$$ \newcommand{op}[1]{\operatorname{#1}} \newcommand{cat}[1]{\op{#1}} \newcommand{hom}[1][2]{\cat{Hom}(#1,#2)} $$
On what at this point is becoming a series, I'm going through an exercise of Emily Riehl's Category Theory in Context,
Exercise 2.4.v. Define a contravariant functor $F: \cat{Set}^{op} \rightarrow \cat{Set}$ that carries a set to the set of preorders on it. What is its category of elements? Is $F$ representable?
I've defined this functor as
$$ \mathfrak{P} : \cat{Set}^{op} \longrightarrow \cat{Set} \\ X \longmapsto \mathfrak{P}(X) \\ (f:X \to Y) \mapsto \mathfrak{P}(f) $$ with $\mathfrak{P}(X) = \{\leq \ \subseteq \ X \times X : \leq \text{ is a preorder on } X\}$ and, given a function $f: X \to Y$,
$$ (x,y) \in \mathfrak{P}(f)(\leq) \iff f(x) \leq f(y) $$
If this is the correct/usual construction of such functor then its category of elements has objects as sets with a fixed preorder $(X, \leq )$ and morphisms as functions that behave as previously described, i.e. $f : (X,\leq) \rightarrow (Y, \leq')$ is a morphism in $\int \mathfrak{P}$ if and only if
$$ x \leq x' \iff f(x) \leq f(x') \quad (\forall x, x' \in X) $$
Now, as is proven in this exercises' chapter, a contravariant functor is representable if and only if its category of elements has a terminal object. In this case, this means that $\mathfrak{P}$ would be representable if and only if there exists a set $X_F$ equipped with a preorder $\preceq$ so that, for any preordered set $(X,\leq)$, there exists a unique function $f : X \rightarrow X_F$ such that
$$ x \leq x' \iff f(x) \preceq f(x') \quad (\forall x,x' \in X) $$
My intuition is that this will not happen, although I am not fully convinced about my (apparent) proof, which goes as follows: suppose that such a final object $(X_F, \preceq)$ exists. Therefore, there should exist a unique function $s : \mathbb{N} \longrightarrow X_F$ that defines the usual order on $\mathbb{N}$ and thus $s(\mathbb{N})$ gives a countably infinite chain on $X_F$. In particular, there exist distinct elements $x \preceq x' \preceq x''$ in $X_F$.
However, this contradicts the unicity of morphisms towards $X_F$ in the case of $T = \{1,2\}$ with the usual order, since the functions
$$ f_1: T \rightarrow X_F \\ 1 \mapsto x \\ 2 \mapsto x'\\ $$
$$ f_2: T \rightarrow X_F \\ 1 \mapsto x' \\ 2 \mapsto x''\\ $$
both verify $y \leq y' \iff f_i(y) \leq f_i(y') \ (\forall y,y' \in T)$.

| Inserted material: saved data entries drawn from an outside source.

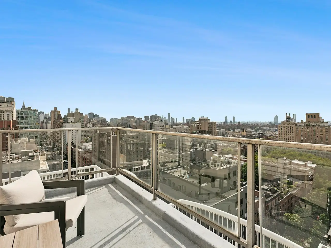 Light, Views, and Outdoor Space in the Heart of Downtown Soaring over the cityscape in a coveted corner line at the full-service St. Mark, this bright and airy Two bedroom, Two bathroom home offers an exceptional layout, two private balconies and sweeping open views that stretch for miles. With exposures spanning 180 degrees, natural light floods the space throughout the day as you enter the sprawling living area featuring a grand seating area and dedicated dining area adjacent to the kitchen. The expansive windowed open kitchen is the heart of the home, completely re-imagined creating an inviting space for casual meals and gathering on the corner breakfast bar countertop with stainless steel appliances and pantry. Savor the al fresco lifestyle and ever-changing skyline colors on the first balcony accessed off the living room for dazzling outdoor dining and relaxing. The king-sized primary suite is conveniently private from the living space, highlighted by its own outdoor terrace showcasing stunning nighttime views of Manhattan's landmark buildings. The bedroom is complete with a plethora of closet space along the wall and an en suite bath with stone tile, pedestal sink and soaking tub to add to the retreat-like feel. A second bedroom -flexible in use and currently open to the living area configured as an oversized one bedroom -features northern exposures, a large closet and in-unit washer/dryer, a rare and grandfathered perk in this building. Nearby, a renovated full bathroom with walk-in shower doubles as a stylish guest bath which can function with en suite access to suite your needs. Seven closets and custom recessed lighting combined with a generous and versatile layout await in this high floor special home. Located in The St. Mark, a premier full-service pet-friendly building in prime central village, residents enjoy access to a host of amenities, including a playroom, bicycle storage, central laundry room, private storage, resident manager and a parking garage with direct building access. This coveted location is at the heart of it all - Wegmans, Whole Foods, Trader Joe's and Westside Market, local and acclaimed restaurants, Astor Place, Washington Square Park, Union Square and easy transit (4, 5, 6, N, Q, R, W, L). Capital Assessment of $260 per month until December 2025. Home is currently configured as a large One bedroom. Alternative floor plan has been provided for illustrative purposes only and has not been reviewed nor approved by the coop board. Alterations are subject to approval and applicable rules, regulations and approval by the coop board and New York City Department of Buildings. All measurements and square footages are approximate and all information should be confirmed by customer.
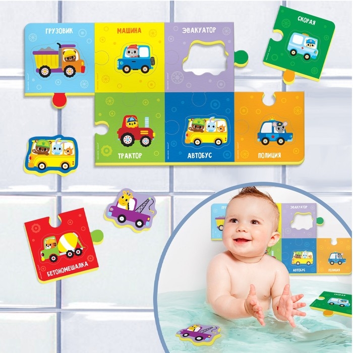 Мягкий пазл для малышей «Веселый транспорт», 16 деталей, Крошка Я
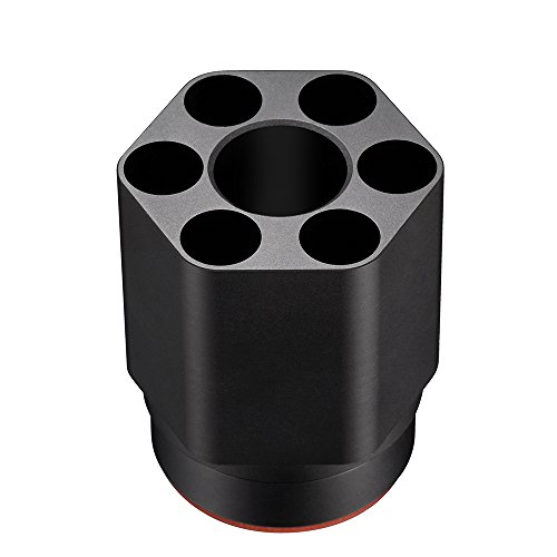 - Design: Classic revolver cylinder shape with red bottom, making a different look from common pen pencil holder; Aluminum alloy container and base in black color, keeping steady itself with good weight, showing mature property; Chamber shaped deep slot, holding your pens stably; Matte surface, good touch feeling; Soft rubber mat, anti-slip and avoid scratching; Rotatable body design, easy for picking a pen, adding fun to your work too.
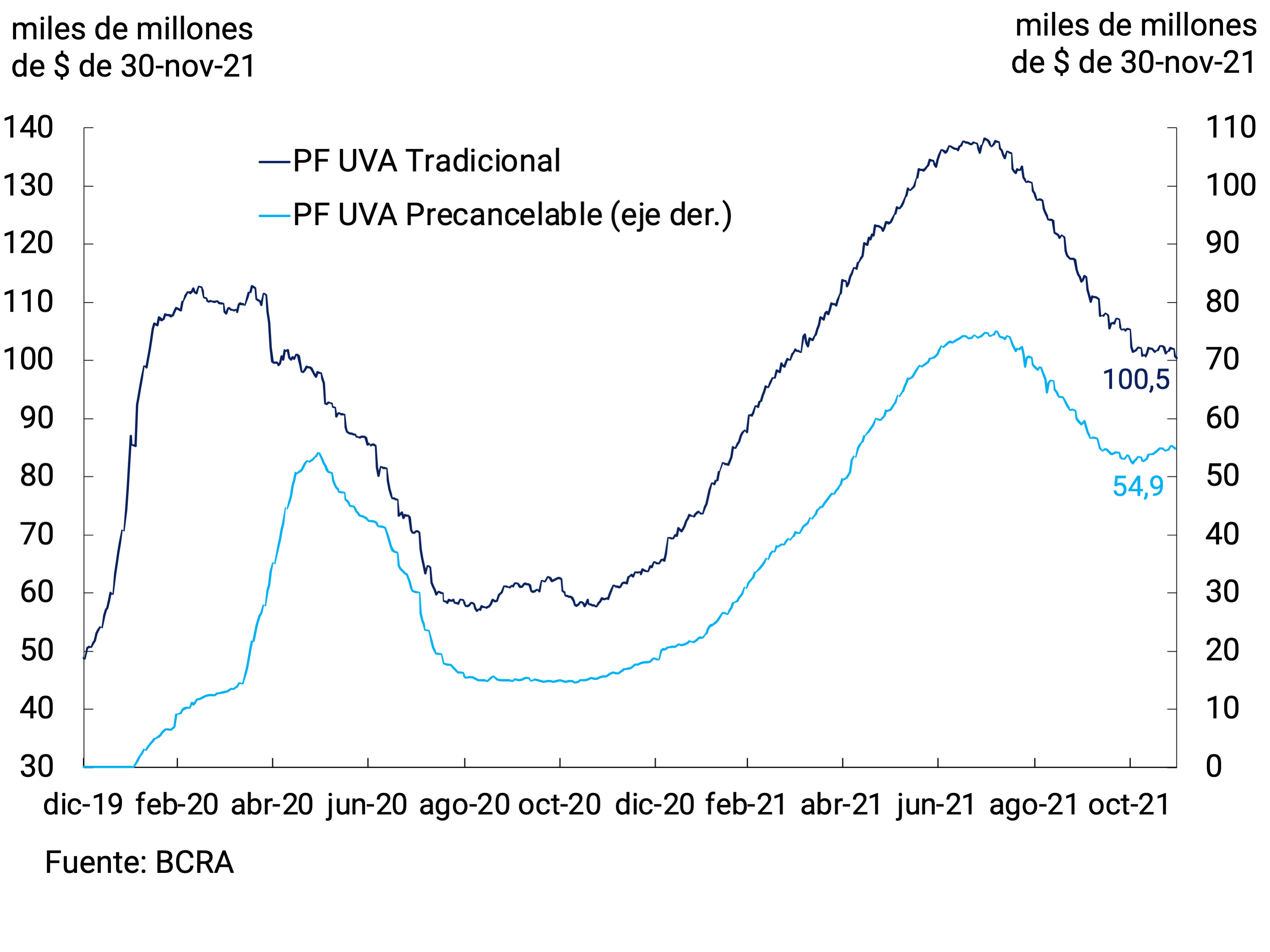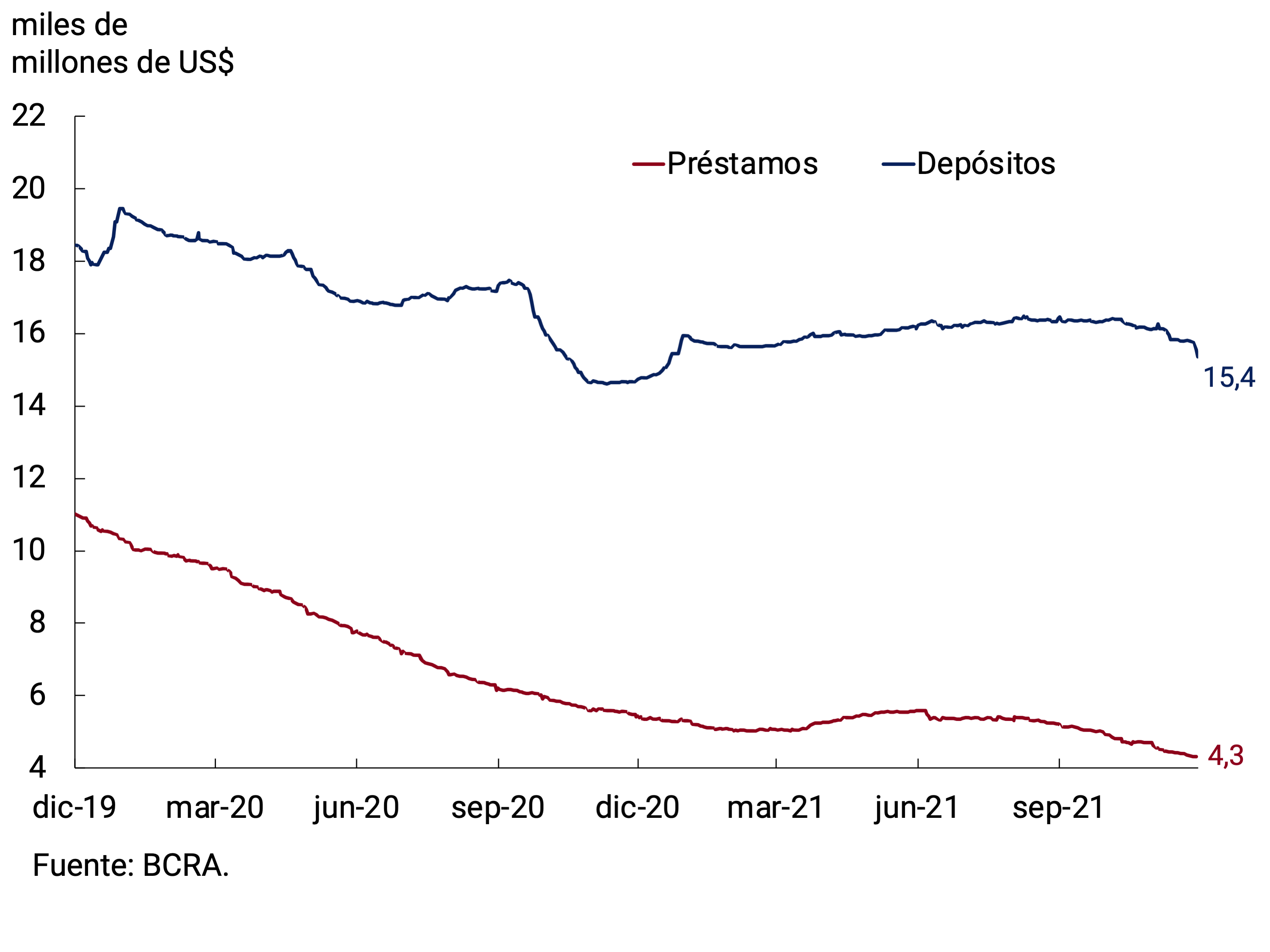 En lo que se refiere a modificaciones regulatorias, a principios de mes, se dispuso que las entidades financieras mantuvieran hasta fin de noviembre una posición global neta en moneda extranjera que no supere al mínimo entre la posición de contado del 4 de noviembre y el promedio mensual de saldos diarios registrado en octubre del 2021, sin considerar los títulos valores emitidos por residentes que se hubiesen allí imputado7. Con posterioridad, el BCRA estableció que las entidades financieras deberán tener una posición cambiaria neutra de contado en moneda extranjera a partir de diciembre. Cabe destacar que esta normativa no tiene ningún impacto sobre los depósitos en dólares en el sistema financiero ni con los activos que los respaldan8.

Have I missed something along the way? I had a strong intuition about $\mathfrak{P}$ being representable when I started thinking about this, but now I am leaning towards a negative answer.
Yes, that argument looks good. You could just use the order $0<1<2$, instead of going all the way to $\mathbb{N}$.